Steven T. Hatton wrote:
> On Thursday 09 March 2006 12:08, David Bertoni wrote:
> 
>> I don't see how you can get this from the standard.  There is only one
>> mention of Unicode, and UTF-16 does not appear anywhere.  The only thing
>> I see is a statement about ISO/IEC 10646 and the
>> universal-character-name construct.
> <quote 
> url="http://www.w3.org/TR/2004/REC-DOM-Level-3-Core-20040407/core.html#ID-5DFED1F0">
> The UTF-16 encoding was chosen because of its widespread industry practice. 
> Note that for both HTML and XML, the document character set (and therefore 
> the notation of numeric character references) is based on UCS [ISO/IEC 
> 10646]. A single numeric character reference in a source document may 
> therefore in some cases correspond to two 16-bit units in a DOMString (a high 
> surrogate and a low surrogate).
> </quote>
> 
> <quote url="http://www.w3.org/TR/2004/REC-xml11-20040204/#charsets"
> [Definition: A character is an atomic unit of text as specified by ISO/IEC 
> 10646 [ISO/IEC 10646]. Legal characters are tab, carriage return, line feed, 
> and the legal characters of Unicode and ISO/IEC 10646. The versions of these 
> standards cited in A.1 Normative References were current at the time this 
> document was prepared. New characters may be added to these standards by 
> amendments or new editions. Consequently, XML processors MUST accept any 
> character in the range specified for Char.]
> </quote>
> 
> It's not my fault! ;)
> 
>>>> XMLCh is defined to hold UTF-16 code units, which is a much stricter
>>>> requirement than anything the C++ standard says about character sets.
>>> The C++ Standard only specifies character sets.  It does not specify
>>> encodings.
>> That's exactly my point.  And that's why you can't assume that char is
>> encoded in ASCII and wchar_t is encoded in UTF-16.  However, Xerces-C
>> guarantees that XMLCh will contain UTF-16 code units.
> 
> After further investigation and reflection I have come to the conclusion that 
> you're damned if you do, and damend if you don't.  You could convert all your 
> data to the implementations character encoding when it's read in, and do the 
> reverse when it is stored or transmitted.  UTF-32 under some circumstances 
> that might provide some performance advantages.  It would certainly make your 
> data compatable with the facilities provided by Standard Library.
> 

I'm not sure what the performance advantages of UTF-32 would be over 
UTF-16, unless you are referring to the handling of surrogate pairs.  I 
would imagine that the disadvantage of up to 16 bits of wasted storage 
overhead would overwhelm the advantage gained from avoiding surrogates.

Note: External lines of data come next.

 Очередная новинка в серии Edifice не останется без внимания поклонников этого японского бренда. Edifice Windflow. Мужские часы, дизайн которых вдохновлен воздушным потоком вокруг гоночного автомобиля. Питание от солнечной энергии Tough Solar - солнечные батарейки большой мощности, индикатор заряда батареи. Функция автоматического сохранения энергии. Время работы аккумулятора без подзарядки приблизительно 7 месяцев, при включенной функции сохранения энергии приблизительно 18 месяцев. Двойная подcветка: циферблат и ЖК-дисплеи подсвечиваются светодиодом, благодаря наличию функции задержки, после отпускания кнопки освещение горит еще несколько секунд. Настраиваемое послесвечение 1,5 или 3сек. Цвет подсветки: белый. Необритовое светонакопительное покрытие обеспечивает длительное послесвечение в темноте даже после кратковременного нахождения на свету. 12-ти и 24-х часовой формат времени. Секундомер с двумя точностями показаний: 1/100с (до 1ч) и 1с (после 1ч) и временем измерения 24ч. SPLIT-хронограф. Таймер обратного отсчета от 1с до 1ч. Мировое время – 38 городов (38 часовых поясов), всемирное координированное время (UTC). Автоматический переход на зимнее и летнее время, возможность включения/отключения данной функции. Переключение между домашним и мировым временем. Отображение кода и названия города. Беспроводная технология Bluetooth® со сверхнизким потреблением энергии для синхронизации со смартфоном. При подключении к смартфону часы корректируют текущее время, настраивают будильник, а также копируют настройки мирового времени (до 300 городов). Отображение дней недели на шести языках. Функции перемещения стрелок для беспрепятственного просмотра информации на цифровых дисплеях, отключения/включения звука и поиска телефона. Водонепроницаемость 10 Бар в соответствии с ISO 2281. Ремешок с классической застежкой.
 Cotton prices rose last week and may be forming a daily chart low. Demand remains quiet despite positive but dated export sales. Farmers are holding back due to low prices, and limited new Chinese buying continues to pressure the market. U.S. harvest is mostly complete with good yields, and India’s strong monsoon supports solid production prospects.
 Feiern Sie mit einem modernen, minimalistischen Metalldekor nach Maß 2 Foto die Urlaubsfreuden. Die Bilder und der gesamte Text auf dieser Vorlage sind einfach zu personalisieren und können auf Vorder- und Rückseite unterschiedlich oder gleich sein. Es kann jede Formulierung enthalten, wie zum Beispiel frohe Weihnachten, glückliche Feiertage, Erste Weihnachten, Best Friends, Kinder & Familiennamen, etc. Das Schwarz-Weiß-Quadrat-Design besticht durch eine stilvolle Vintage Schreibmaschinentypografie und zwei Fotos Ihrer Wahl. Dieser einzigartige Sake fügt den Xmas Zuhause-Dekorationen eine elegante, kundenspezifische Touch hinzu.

Also, can you explain why you believe UTF-32 would provide better 
compatibility with the facilities provided by the standard library?  On 
Windows, this is certainly not the case.  It might provide better 
compatibility on some platforms operating with a locale that encodes 
wchar_t in UTF-32, but that's not very portable.

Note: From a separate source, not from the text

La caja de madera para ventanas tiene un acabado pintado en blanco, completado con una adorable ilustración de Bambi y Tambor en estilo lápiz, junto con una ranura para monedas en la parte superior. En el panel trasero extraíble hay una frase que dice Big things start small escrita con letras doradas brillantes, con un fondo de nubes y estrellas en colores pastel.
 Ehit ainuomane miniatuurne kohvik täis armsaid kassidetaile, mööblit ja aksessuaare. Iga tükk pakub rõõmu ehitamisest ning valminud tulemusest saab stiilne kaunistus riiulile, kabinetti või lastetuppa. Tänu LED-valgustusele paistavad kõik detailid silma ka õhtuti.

> I suspect most Xerces derived applications will need to do some kind of codec 
> of I/O.  I know I don't want UTF-16 data stored in files I am likely to want 
> to edit, or otherwise manipulate outside of Xerces.  If everybody played 
> nicely with UTF-16 that would be a different story.
>

Representing the full range of Unicode characters is difficult, no 
matter how you encode them.  I know lots of applications that play 
nicely with UTF-16.  In other cases, UTF-8 is a better choice, since it 
maintains better compatibility with applications that expect ASCII data.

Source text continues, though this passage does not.